Stonehenge to Open on Solstice - Stonehenge, the ancient observatory of standing stones in England, will be opened to the public for the first time in 16 years for the summer solstice on June 20th. The 5,000 year old circle has been a magnet for unruly visitors during past summer solstice events. The site will be under tight security and no camping, fires, dogs or amplified music will be allowed.

Opening Museum's "Secret Wing" - The "Secret Wing" of the Naples' Archaeological Museum has been opened to the public. The exhibits there, recovered from the Roman city of Pompeii which was buried by an eruption of Mount Vesuvius in 79 A.D., have been deemed too erotic for the general public to view in the past. When the items were first recovered in the 18th century the Bourbon Kings who ruled Naples were too embarrassed by the objects to allow them to be shown. Since then the collection as only been seen briefly by the public. Now for a charge of $6 visitors can view the collection including frescoes, vases, statues and engraved cups, but those under 14 will have to bring a note from their parents.


In History:

Tunguska Event - On the morning of June 30th, 1908, a huge explosion rocked the empty forests of Siberia near Tunguska. Witnesses told of seeing a object fall from the sky then explode into a pillar of fire. Forests were set on fire and houses were smashed. Damage extended for over 300 miles from the site. Theories about the object have ranged from a stony meteorite 600 foot in diameter, to a doomed alien spaceship. Whatever the object was, if it come three hours later it would have destroyed the city of Moscow.

In the Sky:

See Mercury - The planet Mercury can be difficult to see. Early this month will be your best chance. On June 9th Mercury is at its greatest angular separation from the sun and appears in the evening sky an hour after sunset to the West-North-West. On June 3rd you can use the thin crescent moon as a guide to finding it. It will appear 5 degrees (half the size of your fist held at arms length) to upper-right of the moon an hour after sunset.

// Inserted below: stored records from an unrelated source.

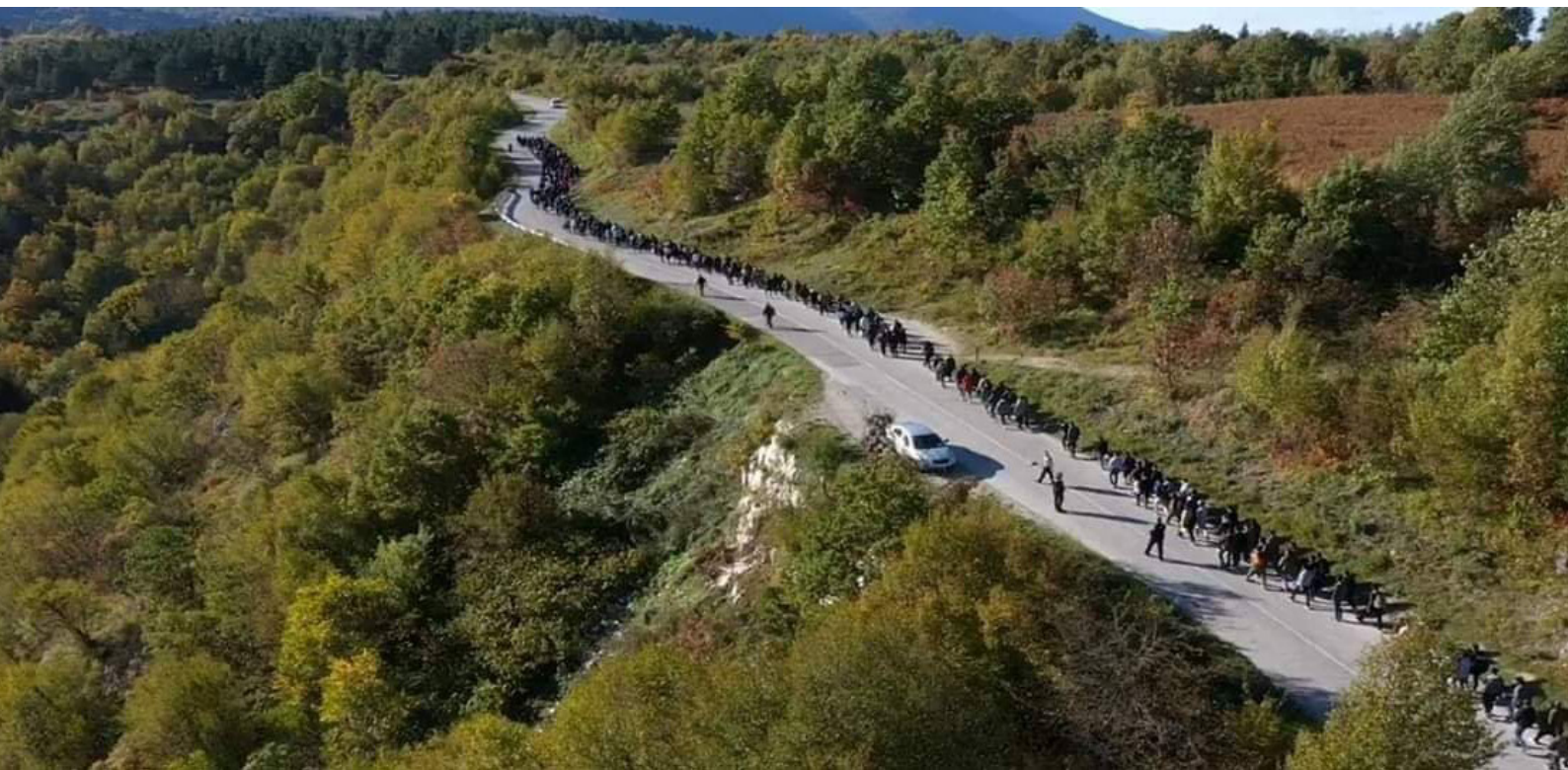
FORCED DISPERSIONS IN BIH. CONDITIONS WHICH BREACH ARTICLE 3, ECHR

The landmark findings from the Spanish enclave of Melilla produced in February of this year have certainly come under scrutiny again with these new court proceedings. Unfortunately the court in Strasbourg was previously found to back EU members states in their application of illegal collective expulsions. With Croatia now being examined for its abuses, those that have been monitoring the escalation of pushbacks to Bosnia-Herzegovina since 2018 are hopeful that a favourable judgment will be passed, so that violent and illegal practices against people-on-the-move can finally be called out for the crimes that they are.
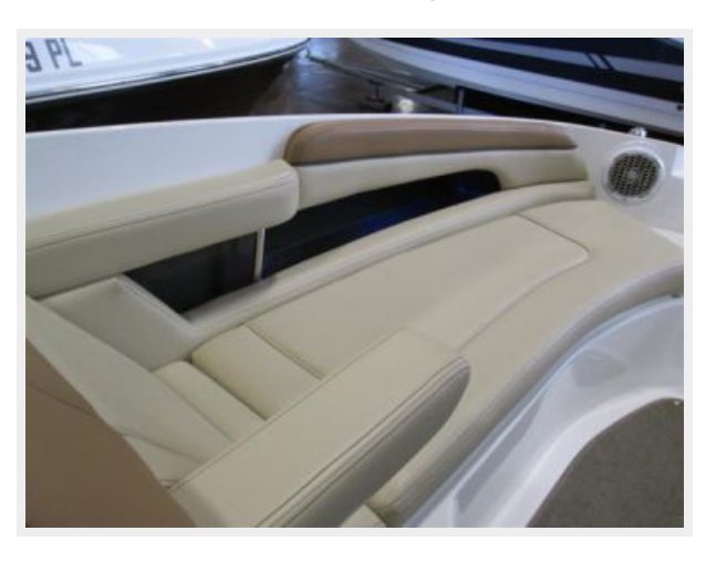
Bow seating 2
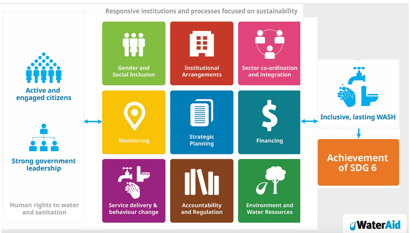
Figure 1: WaterAid’s Approach to Systems Strengthening

Right now, hundreds of millions of people do not have access to clean water, decent toilets, or good hygiene. And many of those who do have access suffer from inadequate levels of service: poor water quality, service outages, toilets not being emptied and hygiene behaviors are forgotten or not practiced. But there are solutions, and it is not just about installing more taps and toilets. It’s strong systems, engaged citizens and government leadership that will keep the taps running, the toilets working and reinforce hygiene habits. The system is complicated, with many different people, institutions, and processes involved. This can lead to bottlenecks. In addition to delivering services and promoting good hygiene habits, WaterAid works to strengthen the whole system, to create real and lasting change.
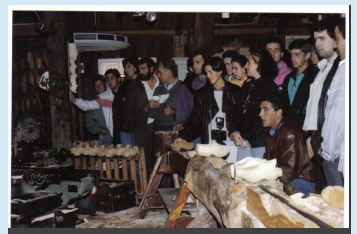
Looks like a fun trip to a Klompenfabriek somewhere in the Netherlands! Recognise anyone in the photo? Let us know!
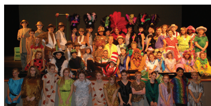
Middle school students across the district brought the magic of Dr. Seuss to life in the musical production of "Seussical Jr." NISD's talented students awed audiences with elaborate scenes and characters, including Cat in the Hat, Horton the elephant, and Gertrude McFuzz.

From Scrabble to robotics, if a child has an interest, there is most likely an organization in Northwest ISD schools that helps promote and support that interest. NISD is dedicated to providing students a premier education, preparing them for the future. In Northwest ISD, students are encouraged to not only take advantage of rigorous real-world curriculum and hands-on career pathways, but also extracurricular activities.
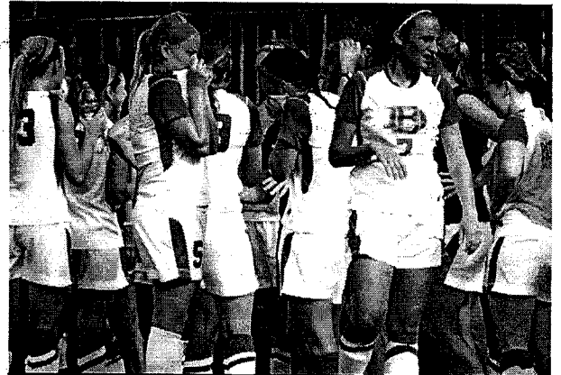
Dallas Baptist University Girls grouping after the goal

The Dallas Baptist girls had several changes with players who had been already
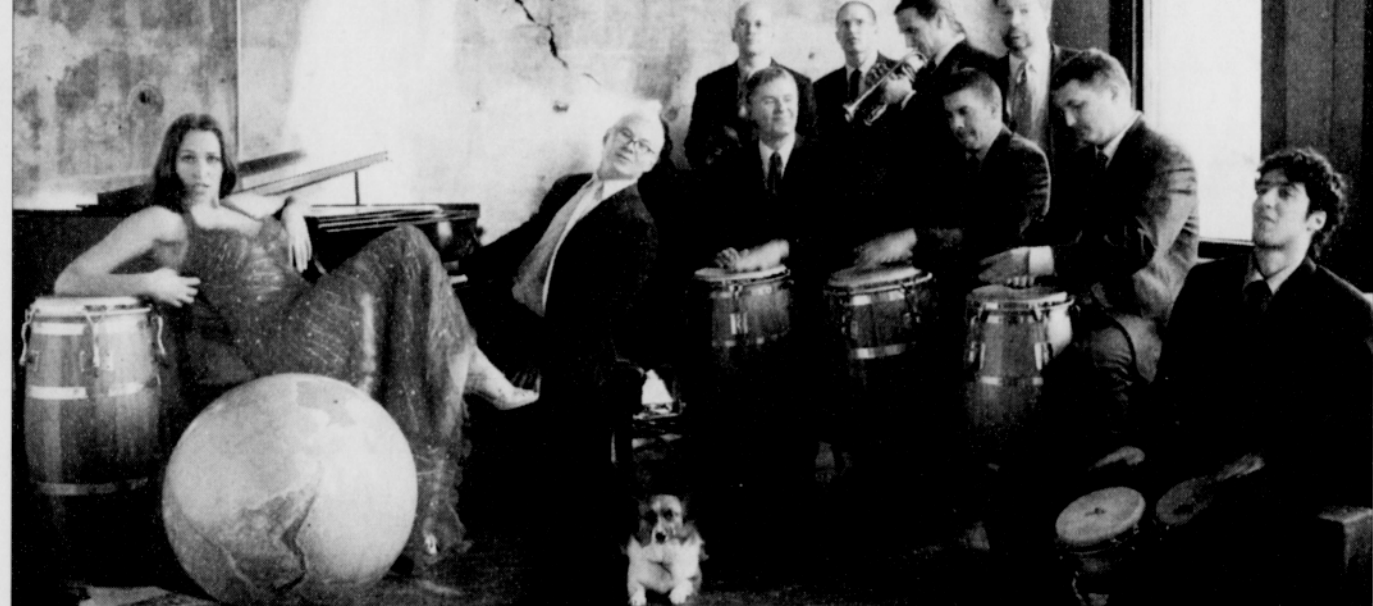
International favorites Pink Martini will put away their passports for a special tribute to their home state 150th year birthday celebration. The group will take part in the musical comedy "Oregon! Oregon!" and perform a set of Pink Martini favorites during the special Saturday, Sept. 5 peformance at the Oregon Zoo.
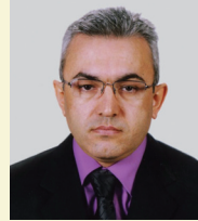
Chief Proposal Engineer of the Contracting Group
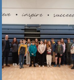
MP Visit Page 5
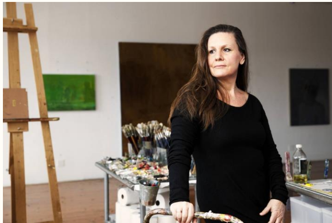
Yuskavage in her studio, 2014
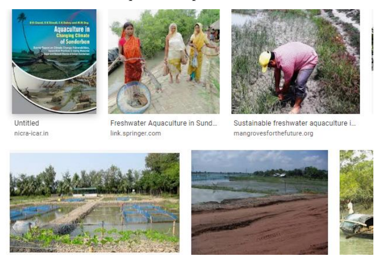
Fig. Sustainable aquaculture: Paddy cum fish culture, Duck cum fish culture

crucial occasions and non-selection of suggested rehearses. Absence of innovative information for logical fish cultivating, absence of institutional help what's more, specialized skill and social issues were accounted for as normal issues in aquaculture part of India.

Burial on the Moon - A Houston based firm, Celetis Inc., plans to offer a new service: having your ashes buried on the lunar surface. The company has already scattered the ashes of a 100 people in Earth orbit. The service will cost $12,500 and delivery to the moon will be one or two years from now.

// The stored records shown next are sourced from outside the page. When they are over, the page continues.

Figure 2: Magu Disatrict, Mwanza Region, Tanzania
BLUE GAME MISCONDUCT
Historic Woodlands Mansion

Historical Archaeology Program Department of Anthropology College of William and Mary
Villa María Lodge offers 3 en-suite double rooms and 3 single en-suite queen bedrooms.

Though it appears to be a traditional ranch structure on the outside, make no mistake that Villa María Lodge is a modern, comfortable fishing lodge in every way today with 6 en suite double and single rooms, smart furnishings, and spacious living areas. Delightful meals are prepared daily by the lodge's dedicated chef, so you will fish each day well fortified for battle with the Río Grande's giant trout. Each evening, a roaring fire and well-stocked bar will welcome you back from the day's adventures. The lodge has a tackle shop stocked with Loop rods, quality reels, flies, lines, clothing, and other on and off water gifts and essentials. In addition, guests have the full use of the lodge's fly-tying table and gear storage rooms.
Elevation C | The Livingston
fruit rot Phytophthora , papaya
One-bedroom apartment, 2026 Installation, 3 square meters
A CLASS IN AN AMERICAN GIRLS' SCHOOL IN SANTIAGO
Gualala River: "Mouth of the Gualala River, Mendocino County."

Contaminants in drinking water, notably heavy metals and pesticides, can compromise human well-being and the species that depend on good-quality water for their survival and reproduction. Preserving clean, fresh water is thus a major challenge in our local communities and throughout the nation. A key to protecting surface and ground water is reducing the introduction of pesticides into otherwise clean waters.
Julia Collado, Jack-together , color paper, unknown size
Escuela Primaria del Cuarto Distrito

Man-made Meteorite - Workers dodged a 60 pound metal object that hurled from space to bury itself a foot deep in the earth. The object, thought to be part of a Delta rocket launched in 1996, crashed to the ground at a farm near Durbanville, outside of Cape Town, South Africa.


On the Tube:

Mysteries of Devil's Triangle -Are there really triangular areas of oceans or lakes that are responsible for 1000s of ships and planes disappearing? This special looks at the Bermuda Triangle and a similar area in the Great Lakes. Part of History's Mysteries on the History Channel. Airs June 15 at 8PM ET/PT.

Hitler and the Occult - Why did Hitler think that the occult could help the Third Reich rise to victory? Part of History's Mysteries on the History Channel. Airs June 14 at 8PM ET/PT.

Ice Mummies: Siberian Ice Maiden - The Siberian Ice Maiden was found frozen some 2400 years ago in the high Steppes known as the Pastures of Heaven. Was she a shamaness of the lost Pazyryk culture? What place did she hold in the nomadic tribes of ancient Siberia? Nova on PBS. Airs June 6 at 9PM ET.

Ice Mummies: Return of the Iceman - 5000 years ago a man was frozen in the Alps. His body and the things he carried with him gave scientists a picture of Europe in the late stone age. Find out what the learned in the Nova episode on June 13 at 9PM ET.

Quest for the Giant Squid - They may grow as big as a bus and they have ten arms, yet nobody has ever seen them in their natural habitat. The giant squid is one of the world's most mysterious creatures. Go looking for it on the Discovery Channel June 4 at 9PM, ET/PT.